At 6:30, Dr Shristi, our excellent anesthetist, showed up and immediately told us our momos were way too big. She proceeded to show us how it's done, and after that things went much more smoothly.


Then Prasan, one of the residents, came, and he apparently had made momos every weekend during his medical training, so he was an expert. The batch that he's holding were our pathetic attempts, and they were huge!


Later, Anu, one of the interns, also came, and she was a momo-making machine! She rolled that dough into perfect little circles so fast we couldn't keep up, and then shaped them into these lovely looking things. 


The kids also had fun making momos, and they went beyond the usual momo shape, making "ninja momos," and other creative ones, including an octopus.



So we made and ate momos, and enjoyed ourselves immensely. And afterwards we had a musical jam session, where Samir, another resident, had brought his guitar and I'd brought mine, and we played and sang a bunch of Nepali (and some English) songs together. Great fun!

Wednesday, August 8, 2012

Best Hospital

I forgot to write about this a couple weeks ago when it happened, but Tansen was recently awarded the "Best Hospital" award for 2012 by a Kathmandu-based health magazine. Dr Rachel, our medical director, went to Kathmandu to receive the award, and a whole lot of people gathered in the Tansen Guesthouse to watch the broadcast on TV.  Unfortunately I was on call, so I missed it, but by all reports it was a great event, and a real boost to hospital staff morale, both bideshi and Nepali.

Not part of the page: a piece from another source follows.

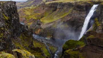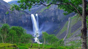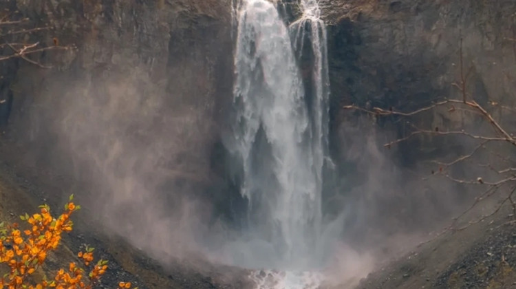 长白山天池北面有一个小缺口,湖水由此溢出,流经千米后一泻而下,形成了落差达68米的的长白瀑布,然后汇入二道白河,即松花江正源。站在瀑布前的观景台远观瀑布,只见水流似从天而降,落地声如雷贯耳。长白山瀑布位于天池北坡,乘槎河的尽头。由于山大坡陡,水势湍急,一眼望去,瀑布像一架斜立的天梯。瀑布口有一巨石叫“牛郎渡”,将瀑布分为两股。两条玉龙似的水柱勇猛的扑向突起的石滩,冲向深深的谷地,溅起几丈高的飞浪,犹如天女散花,水气弥漫如雾。

Here's the article from our hospital website that talks about it:


A few weeks ago a journalist called the hospital and said he would like to interview the director about an award.  It was a complete surprise when he told us that this hospital had been awarded the Best Hospital Award from ‘Swasthiya Kabar Patrika”, a monthly health magazine.  This is a national award and the selection committee had evaluated various nominated hospitals before deciding that ours was best.
The annual Health Awards ceremony was held at the Everest Hotel in Kathmandu on the evening of Sunday 22nd July and was broadcast live on Nepal TV. It was almost like a mini Oscar awards ceremony! Eight different people received an award to recognize their contribution to specific areas of health in Nepal.
"And the award for the Best Hospital goes to... United Mission Hospital Tansen."
It was a proud moment for Rachel Karrach, as the Tansen Hospital Director, to go up on the stage and receive the award from the Minister of Health on behalf of all the staff at the hospital who work so hard.  There was an opportunity for Rachel to say a few words about what makes this hospital different. In her acceptance speech she was able to tell people that our motto is “We serve, Jesus heals”.  We want the glory to go to Him for our success, and also give thanks to all the hospital staff, whose faithful service has enabled this hospital to be the best hospital in Nepal.
Many hospital staff and local Tansen people were watching the program on TV and everyone was very excited that our work had been recognized and that this has put our town on the map.  It was so encouraging and affirming for the hospital's (and UMN's) almost 60 years of service in Tansen to be recognized and applauded.
For photos of the ceremony, please use this address:  http://www.umn.org.np/new/view_album.php?album_id=30


On another note, here are some photos I took in the OR the other day, just to give you all a flavour.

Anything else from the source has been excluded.